* _Description of the task_:
Keep the pictures out. Write out every line of the listing exactly.

* _Input data_:
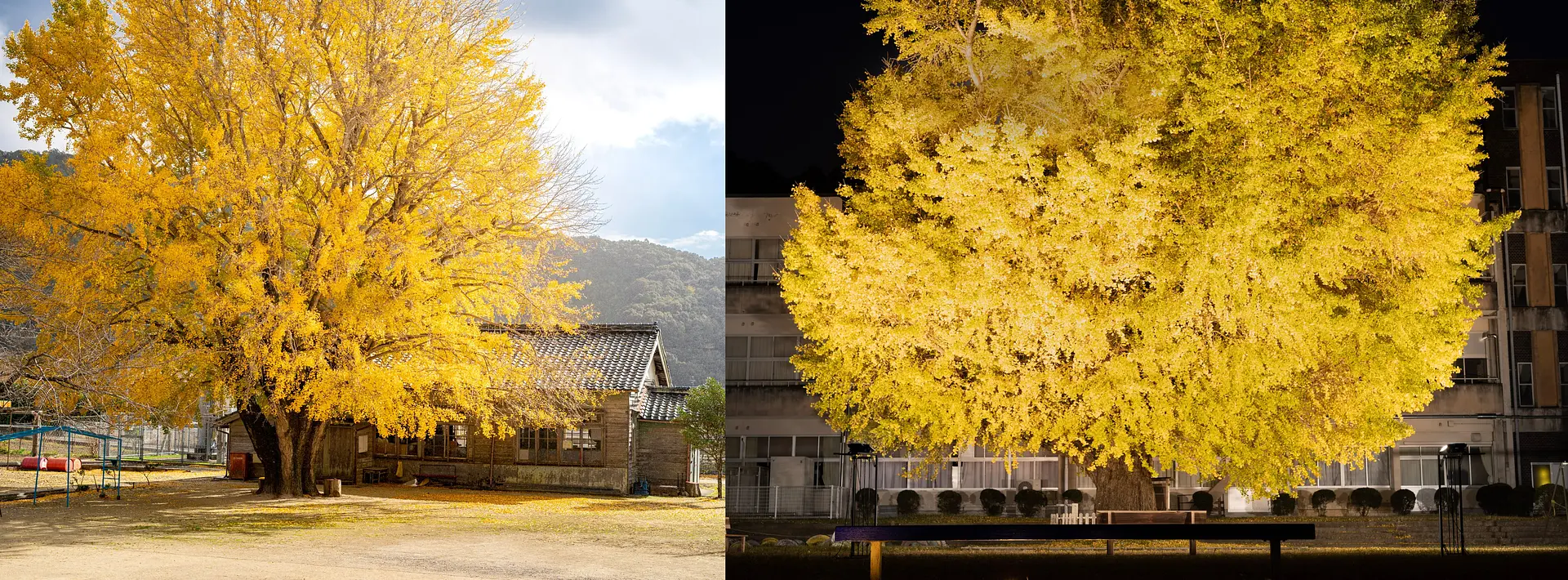 ●閉校となった夜の小学校で行われる大イチョウのライトアップ
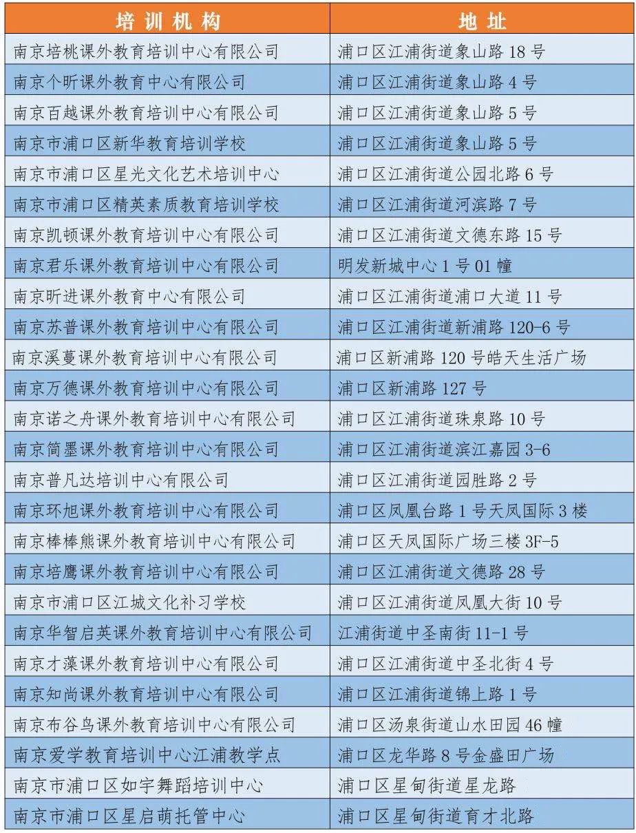 浦口区培训机构复课名单有最新消息,本文章将第一时间更新。
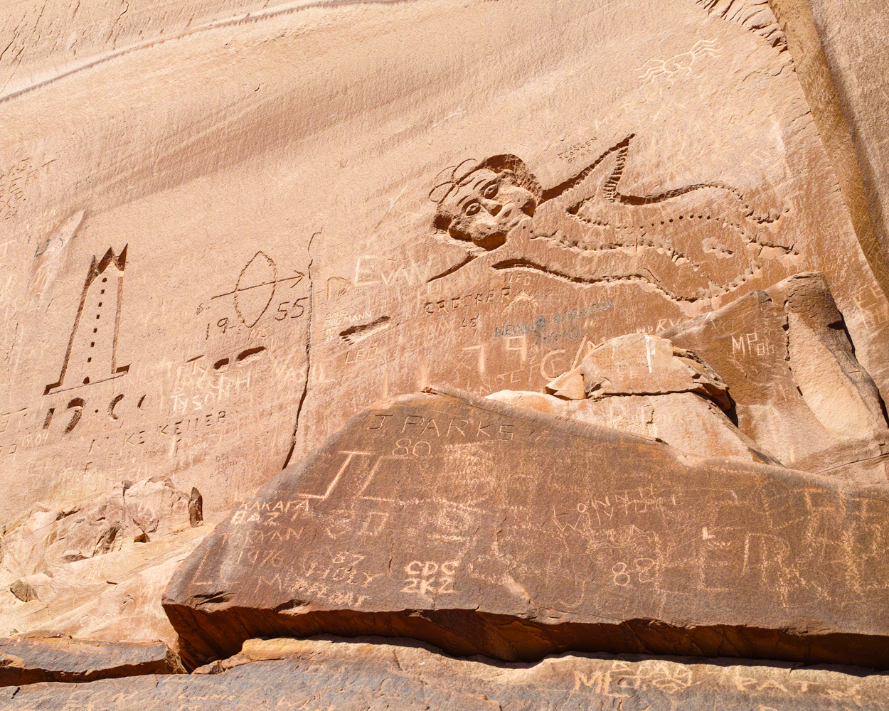 Half way to Mineral Bottom lies the "River Registry." An assortment of many (historical) petroglyphs smattered all over a nice chunk of Navajo sandstone on canyon left. Many of them are historical dating back to the late 1800's and some requiring and incredible amount of tedious labor. While fascinating, I find the aesthetic lacking in comparison to the work of the Anasazi.
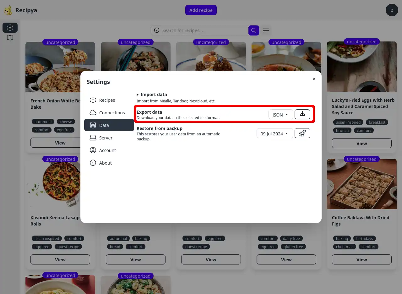 The JSON format exports all your recipes in a zipped archive organized hierarchically, with each folder containing a JSON file of the recipe. The recipe file follows the Recipe schema standard.
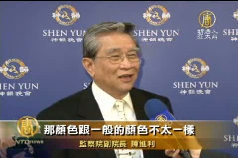 監察院副院長 陳進利:「那顏色跟一般的顏色不太一樣,那個綠也不一樣,藍也藍的很特別,黃紅其實是淡淡的,但是很亮麗,真的全方位的,超級,對,這個藝術真的很棒,你看,我們平常這個都是,這個視聽教育,眼睛最重要,然後你聽的,這個完全都有,一般比如藝術它只是畫展,它只是眼睛,要不然就只是聽音樂, (神韻)這兩種都有,還加上靈性的那個,到最後講神,很棒。」
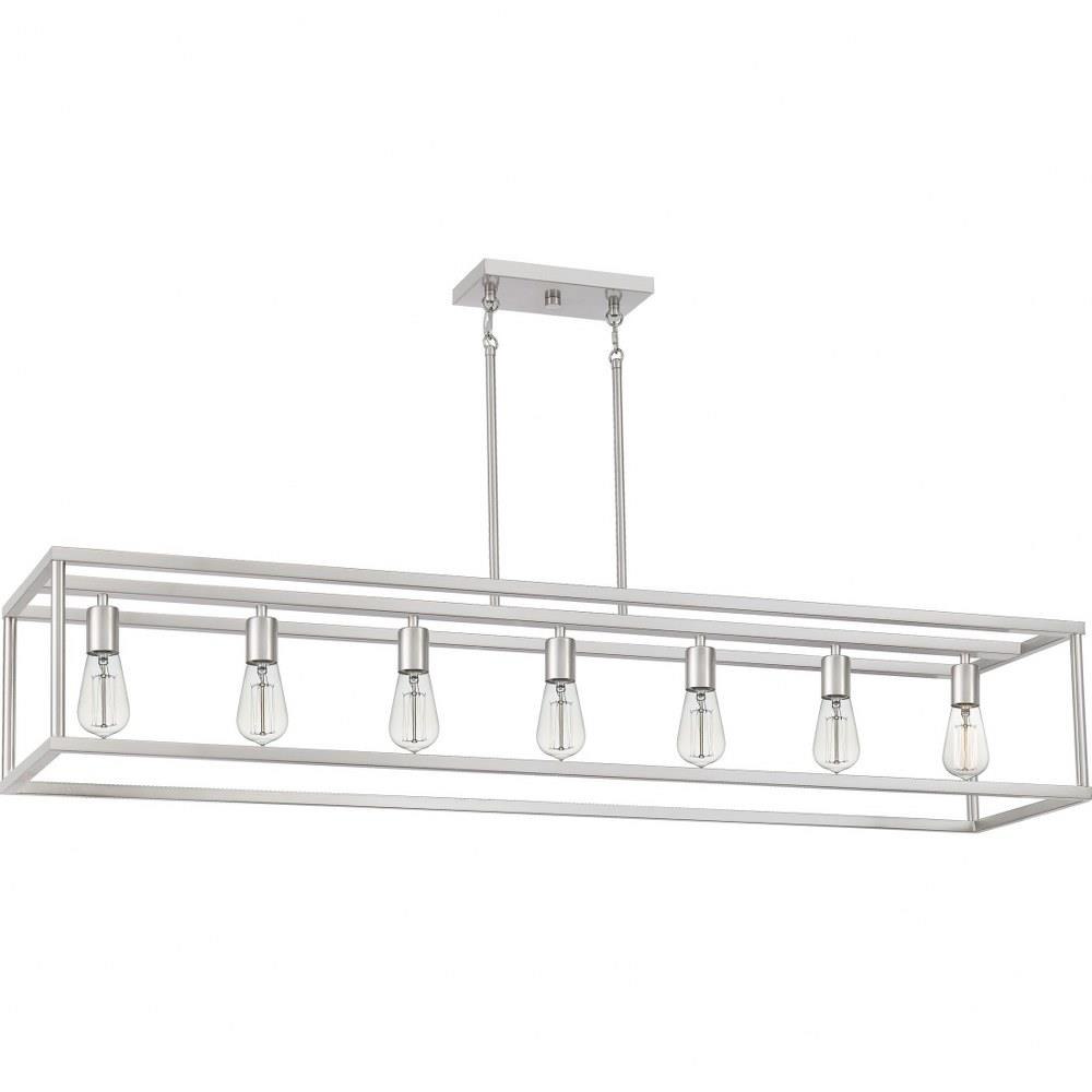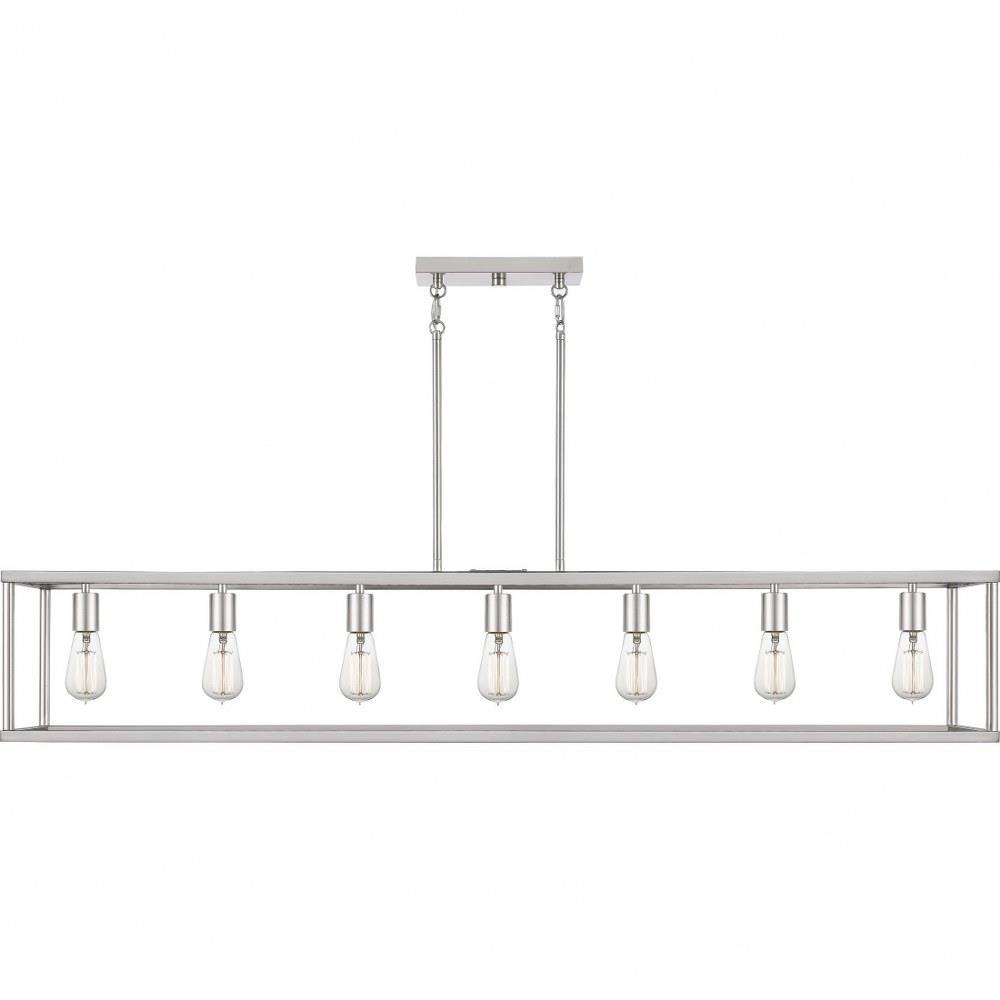 The New Harbor is completely unadorned for an open, airy feel. The brushed nickel finish complements many decor styles and the Edison- style filament bulbs add the perfect vintage touch to this understated collection. 9.75" H 52.00" W 12.00" LBulb Type MED BASE A19Bulb Qty 7Base Finish BN - Brushed NickelItem Weight 20.58.

* _Expected answer_:
 ●閉校となった夜の小学校で行われる大イチョウのライトアップ
 浦口区培训机构复课名单有最新消息,本文章将第一时间更新。
 Half way to Mineral Bottom lies the "River Registry." An assortment of many (historical) petroglyphs smattered all over a nice chunk of Navajo sandstone on canyon left. Many of them are historical dating back to the late 1800's and some requiring and incredible amount of tedious labor. While fascinating, I find the aesthetic lacking in comparison to the work of the Anasazi.
 The JSON format exports all your recipes in a zipped archive organized hierarchically, with each folder containing a JSON file of the recipe. The recipe file follows the Recipe schema standard.
 監察院副院長 陳進利:「那顏色跟一般的顏色不太一樣,那個綠也不一樣,藍也藍的很特別,黃紅其實是淡淡的,但是很亮麗,真的全方位的,超級,對,這個藝術真的很棒,你看,我們平常這個都是,這個視聽教育,眼睛最重要,然後你聽的,這個完全都有,一般比如藝術它只是畫展,它只是眼睛,要不然就只是聽音樂, (神韻)這兩種都有,還加上靈性的那個,到最後講神,很棒。」
 The New Harbor is completely unadorned for an open, airy feel. The brushed nickel finish complements many decor styles and the Edison- style filament bulbs add the perfect vintage touch to this understated collection. 9.75" H 52.00" W 12.00" LBulb Type MED BASE A19Bulb Qty 7Base Finish BN - Brushed NickelItem Weight 20.58.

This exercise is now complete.